Formulation #10 is mixed in the order listed, and heated to 80 F.

These formulations were found to reduce the appearance of fine lines and wrinkles in subjects that applied the formulations daily for thirty days. It should be noted that Bioserum, which is obtainable from Atrium Biosciences, Ontario Canada, may contain one or more of the following: placental protein, amniotic fluid, calf skin extract, and serum protein. Also, phenochem may contain one or more of the following: Methyl Paraben, Ethyl Paraben, Propyl Paraben, Butyl Paraben, and Isobutyl Paraben, and sodium methylparaban imidizolidinyl urea. Additional components that may be included in some formulations of products that reduce the appearance of fine lines and wrinkles include: igepal cephene distilled, synasol, ethoxylated glycerides, trisodium EDTA, potassium sorbate, citric acid, ascorbic acid, and distilled water. For example, one formulation contains: Collagen (Marine), Distilled Water, Igepal Cephene Distilled, Methyl Paraben, Ethyl Paraben, Propyl Paraben, Butyl Paraben, Isobutyl Paraben, Synasol, Serum Protein, Purified Water, Amniotic Fluid. Placental Protein. Calfskin Extract, Hydrolyzed Collagen Sodium Methylparaben Imidazolidinyl Urea. Ethoxylated Glycerides, Trisodium EDTA, Potassium Sorbate, Citric Acid, and Ascorbic Acid.

SPOT FAT REDUCERS
FORMULATION #1
Epigallocatechin Gallate (ECGC) 40 g
Ethyl Alcohol 100 ml
Distilled Water 100 ml
Ethoxylated macadamia nut oil 60 ml
(16 ethoxylations/molecule)
Lipase 1 ml
FORMULATION #2
Epigallocatechin Gallate 40 g
(ECGC)(DSM, Netherlands)
Ethyl Alcohol 100 ml
Distilled Water 100 ml
Ethoxylated macadamia nut oil 60 ml
(16 ethoxylations/molecule)
Lipase 1 ml
Caffeine 2.0 g

These formulations were found to reduce fat when applied to the body in individual. Polyphenols other than ECGC, such as analogs of green tea extract, are suitable in the above formulations and can be substituted for or used in combination with ECGC in the above formulations. The following example describes experiments that employed two different skin cell model systems to evaluate the ability of a transdermal delivery composition containing collagen to transport collagen to skin cells.

EXAMPLE 5

In this example, it is shown that a transdermal delivery composition of the invention comprising marine type 1 collagen or native collagen efficiently transported the delivered agent to skin cells. Two different in vitro skin cell model systems were used, human cadaver skin and a cellulose acetate skin cell model system. Based on the physiology of the skin, three possible pathways exist for passive transport of molecules through the skin to the vascular network: (1) intercellular diffusion through the lipid lamellae; (2) transcellular diffusion through both the keratinocytes and lipid lamellae; and (3) diffusion through appendages (hair follicles and sweat ducts). The cellulose acetate skin model evaluates the ability of the delivered agent to transport using the first two pathways and the human cadaver skin evaluates the ability to use all three pathways.

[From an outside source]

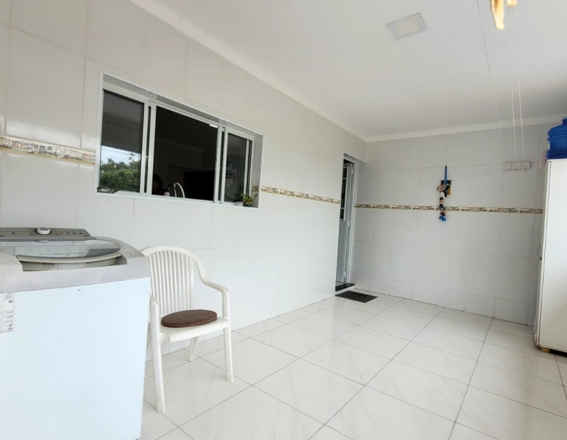 Área de serviço coberta, churrasqueira, piscina com cascata e WC externo

In brief, the transdermal delivery composition comprising collagen was applied to the cellulose acetate and the human cadaver skin in a diffusion chamber and the results were recorded after 10 minutes, 30 minutes and one hour. The diffused material was analyzed by a spectrophotometer (Hitachi U2000 multiscan spectrophotometer). A portion of the diffused material was also separated on a gel by electrophoresis and the collagen was stained using a collagen-specific dye. A portion of the diffused material was also immunoprecipitated using polyclonal antibodies specific for collagens types 1-7 and the immunoprecipitates were analyzed by immunodiffusion.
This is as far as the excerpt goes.